Hence there is also a notion that the help given to kids provides a solution, even though the help currently dilutes considerably, even disappears, after transition age.

One of the arguments for the support infrastructure for children is it protects them from the harm done by bullying. But the bullying still goes on. It is difficult to comprehend whether enough thought has gone into whether support is beneficial.

Most of the scientists are looking for a cure. No-one seems that concerned about making lifestyles easier.

And I do so agree with DaisyGirl about after University. I was a disability coordinator ion the academic side in a university for ten years, supporting colleagues as well as directly supporting people on the spectrum with their studies. I saw people flourish and vastly improve in the course of three years at university.

Then they graduate....support vanishes, and all the benefits of university are lost.

I think it is cynical and criminal to delude oneself into thinking that support only up to transition is of any benefit for life.

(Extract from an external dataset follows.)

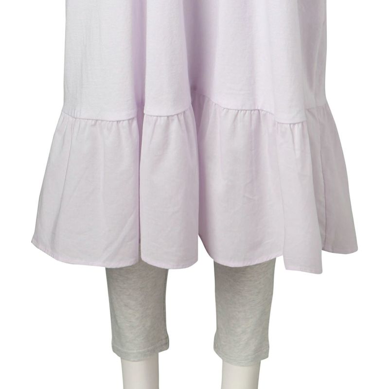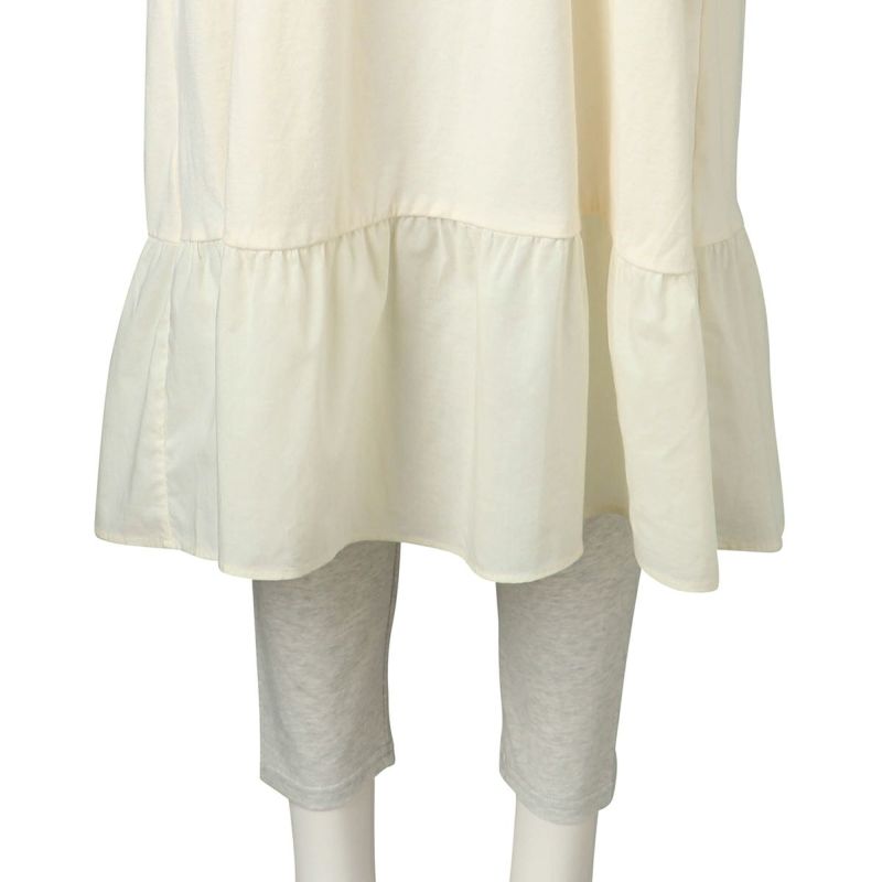 トップ: 着丈105cm 身幅(1/2)54.4cm 袖丈60.6cm(フリル含む) ボトム(スパッツ): 着丈94cm ウエスト(1/2)33.5cm ヒップ(1/2)37cm 股下66.8cm

I was just wondering about this because ALL of the resources for autism seem to be directed toward support strategies for children, yet it is far easier to cope with Asperger's when a child and at University than it is after University (in general). (I am not saying it is easy, I had a terrible time as a child, with no support at all, but this experience is so insignificant compared to how absolutely awful it is as an adult after University, and there is absolutely NO HELP.)

As Asperger's cannot be cured I wondered if the resources would be better spent in helping adults with specialised really focused advice/support etc. rather than on "social skills" etc. support strategies for children.

quote"Has anyone out there had all this SUPPORT as a kid and is now able to function in the adult (post University) world without having crippling anxiety/loneliness/depression/OCD/eating disorders etc. ?"

yes and no, it depends on the aspects of life. I don't think it is an all or nothing question, I found I coped well in higher education and in business under a function role were I knew the perimeters. Stepping outside this comfort area, due to circumstances of life brought by an overwhelming situation, made my condition regress into more the rigid traits of aspergers, which were getting released previously. So my conclusion, is it depends on the aspects of the environment platform, benefical or unbenefical.

Hi, I was diagnosed with Aspergers when I was 17 (got referred to CAHMs for it aged 16 though). I had about four or five months of 'support' before I was cut from the programme as I'd hit 18.

All the sessions did was reassure me that my way of thinking was 'acceptable' to someone with my condition, but didn't do much asides from suggest a bunch of things that may help (i.e. a hammock, playing music at night to drown out sounds, secure routines etc) and a diagnosis to give to Uni.

Unfortunately, it still means I struggle with servere anxiety and OCD at verying times, more often than not, once a day at least. All the other skills (learning to face read, mimicking 'normal' behaviour) were learned through enduring the hell that is UK education. Uni's been a lot more enjoyable so far, but only because I'm allowed to manage my own  time more.